Juan Halty

Personal information
- Full name: Juan José Halty Sarobe
- Date of birth: 7 June 1989 (age 36)
- Place of birth: Santiago, Chile
- Height: 1.90 m (6 ft 3 in)
- Position: Goalkeeper

Youth career
- Universidad de Chile

Senior career*
- Years: Team / Apps / (Gls)
- 2005–2008: Audax Italiano
- 2008–2011: Universidad de Chile / 0 / (0)
- 2008: → Unión Temuco (loan)
- 2010: → Provincial Talagante (loan)
- 2011–2012: Curicó Unido
- 2014–2015: Trasandino / 10 / (0)

International career
- 2008: Chile U20

Managerial career
- 2016: Audax Italiano (gk coach)
- 2017: Santiago Wanderers (gk coach)
- 2018–2019: Universidad de Chile (gk coach)
- 2020–2025: Independiente del Valle (gk coach)

= Juan Halty =

Chilean footballer (born 1989)

Juan José Halty Sarobe (born 7 June 1989) is a Chilean former professional footballer who played as a goalkeeper.

==Playing career==
Halty was born in Santiago, Chile. A product of Universidad de Chile youth system, Halty had a stint with Audax Italiano before being a reserve goalkepper for the club, when they won the 2009 Torneo Apertura. He never appeared in a league match for the club, playing on loan at Unión Temuco and Provincial Talagante, and finishing his playing career with lower league sides.

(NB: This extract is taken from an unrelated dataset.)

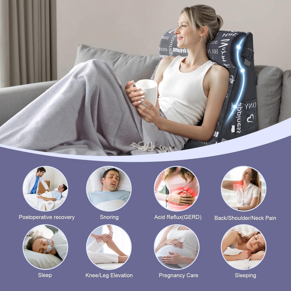 This set has been a total game-changer for my sleep quality! The wedge perfectly elevates me to prevent reflux while the knee pillow aligns my hips. So comfortable and supportive for reading or sleeping - I wake up feeling truly rested without any aches.

At international level, he represented the Chile national team at under-20 level in friendly matches against Peru in 2008.

==Coaching career==
After he retired from playing, Halty became a goalkeeper coach. He initially worked with Audax Italiano, Santiago Wanderers and Universidad de Chile's youth teams, and after a chance encounter with the club's staff at a tournament in Ecuador, Halty joined C.S.D. Independiente del Valle as the senior side's goalkeeper coach. He left them in 2025.

==Personal life==
Halty bears a resemblance to Chilean international goalkeeper Claudio Bravo and has appeared in Chilean television commercials as his double.